■ **THE TASK**: A faithful copy of the data is what is wanted, minus any pictures.

(Source data)
BEGIN
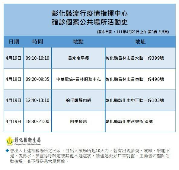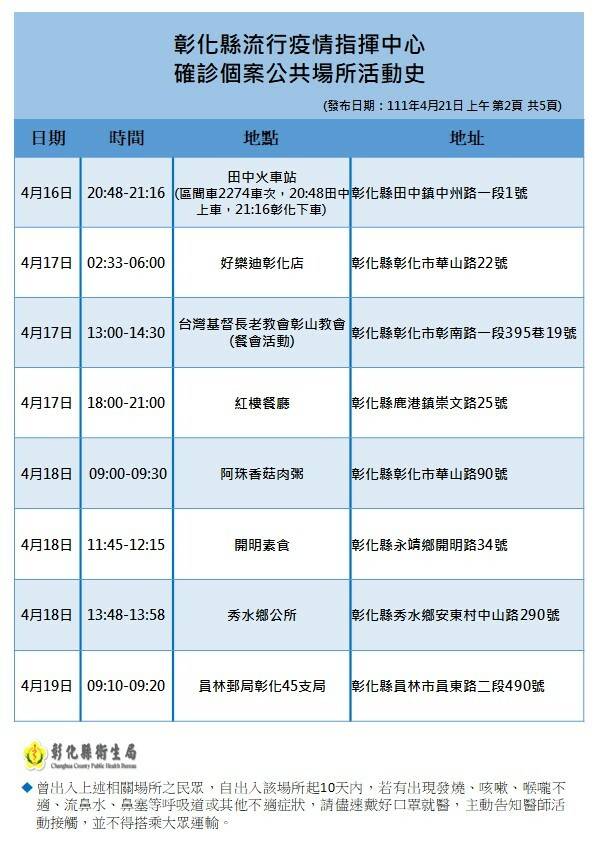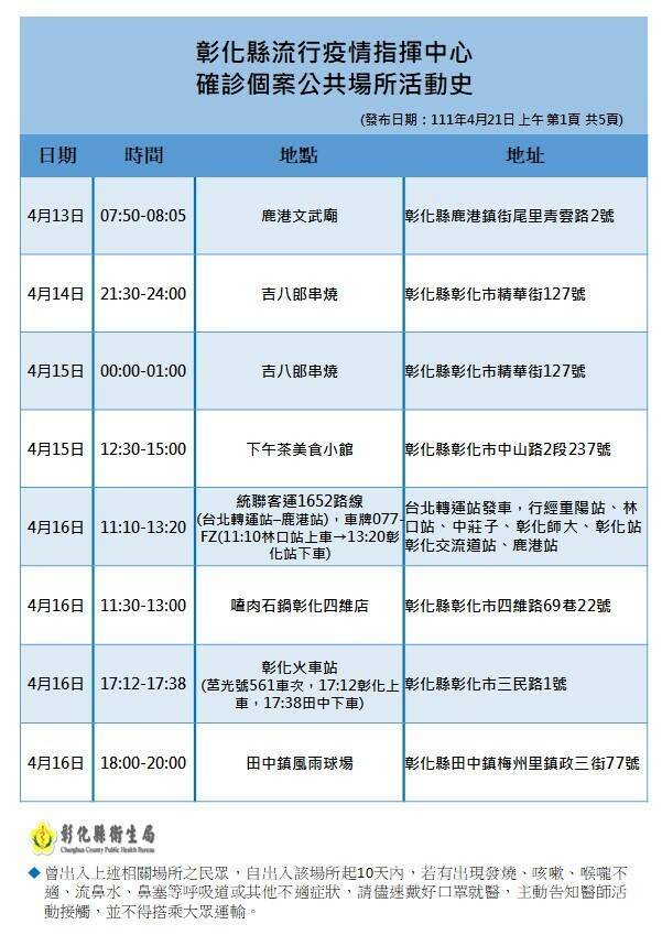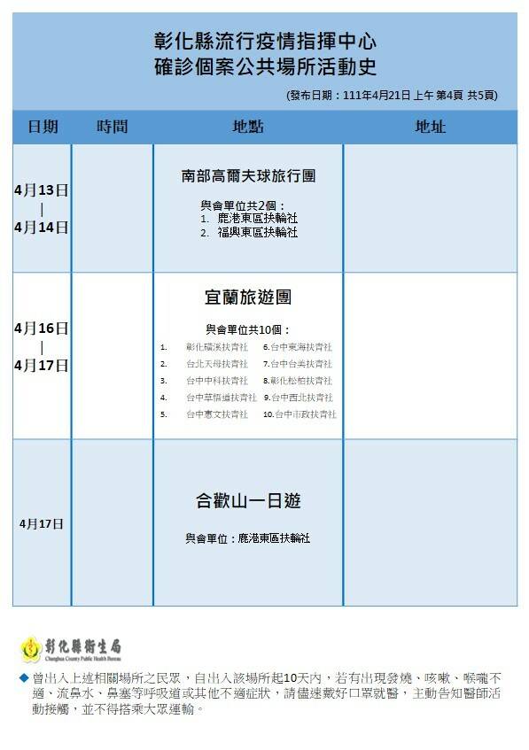 24處確診者足跡從4月13日到19日,地點寺廟、餐飲店、客運站、火車站、運動場、鄉公所遍布,其中,令人擔憂的是,4月13日到14日由鹿港東區扶輪社和福興東區扶輪社舉辦南部高爾夫球旅行團,以及4月16日到16日10個彰化和台中兩地的扶青社,還有4月17日鹿港東區扶輪社合歡山一日遊。
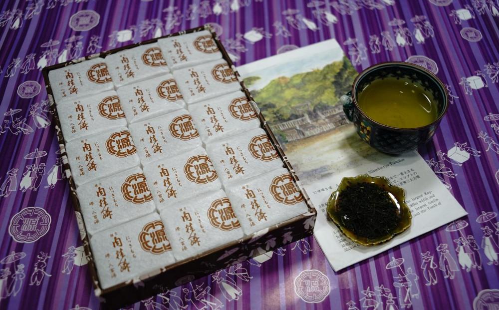 堺500年の伝統銘菓・八百源来弘堂謹製の元祖にっき餅と堺の老舗茶舗・松倉茶舗が調整しましたお煎茶のセットでございます。
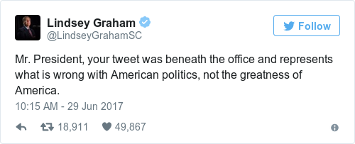 Mr. President, your tweet was beneath the office and represents what is wrong with American politics, not the greatness of America.
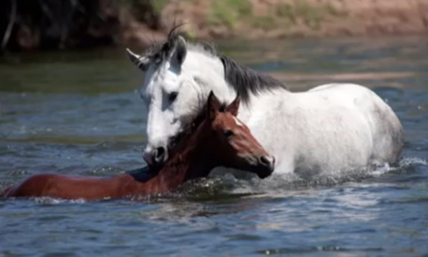 Τι ακριβώς κάνει; Σώζει ένα νεογέννητο πουλάρι από τον ορμητικό ποταμό λες και είναι κομάντο.
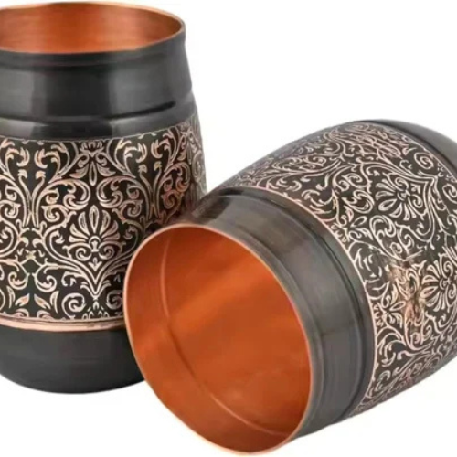 Experience the perfect fusion of style and health with our Black Printed Copper Glass. Crafted from 100% pure copper and adorned with intricate black prints, this glass adds a touch of elegance to your dining table. Copper is known in Ayurveda for its numerous health benefits, including improving digestion, boosting immunity, and promoting overall wellness. The printed design enhances visual appeal, making it ideal for both everyday use and gifting. Durable, eco-friendly, and easy to maintain, this glass is a smart choice for health-conscious individuals who also value aesthetics. Elevate your hydration routine in style.
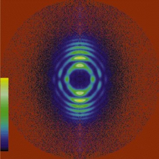 Bildspektrometer 2: Photoelektronenspektrum von Xenon, aufgenommen mit einem Bildspektrometer. Jedem der konzentrischen Ringe entspricht eine Elektronenenergie. Die Struktur der einzelnen Ringe zeigt die Winkelverteilung der Photoelektronenemission. (Messung: V. Schyja, H. Helm, Univ. Freiburg).
END
■ **TASK RESPONSE**:
 24處確診者足跡從4月13日到19日,地點寺廟、餐飲店、客運站、火車站、運動場、鄉公所遍布,其中,令人擔憂的是,4月13日到14日由鹿港東區扶輪社和福興東區扶輪社舉辦南部高爾夫球旅行團,以及4月16日到16日10個彰化和台中兩地的扶青社,還有4月17日鹿港東區扶輪社合歡山一日遊。
 堺500年の伝統銘菓・八百源来弘堂謹製の元祖にっき餅と堺の老舗茶舗・松倉茶舗が調整しましたお煎茶のセットでございます。
 Mr. President, your tweet was beneath the office and represents what is wrong with American politics, not the greatness of America.
 Τι ακριβώς κάνει; Σώζει ένα νεογέννητο πουλάρι από τον ορμητικό ποταμό λες και είναι κομάντο.
 Experience the perfect fusion of style and health with our Black Printed Copper Glass. Crafted from 100% pure copper and adorned with intricate black prints, this glass adds a touch of elegance to your dining table. Copper is known in Ayurveda for its numerous health benefits, including improving digestion, boosting immunity, and promoting overall wellness. The printed design enhances visual appeal, making it ideal for both everyday use and gifting. Durable, eco-friendly, and easy to maintain, this glass is a smart choice for health-conscious individuals who also value aesthetics. Elevate your hydration routine in style.
 Bildspektrometer 2: Photoelektronenspektrum von Xenon, aufgenommen mit einem Bildspektrometer. Jedem der konzentrischen Ringe entspricht eine Elektronenenergie. Die Struktur der einzelnen Ringe zeigt die Winkelverteilung der Photoelektronenemission. (Messung: V. Schyja, H. Helm, Univ. Freiburg).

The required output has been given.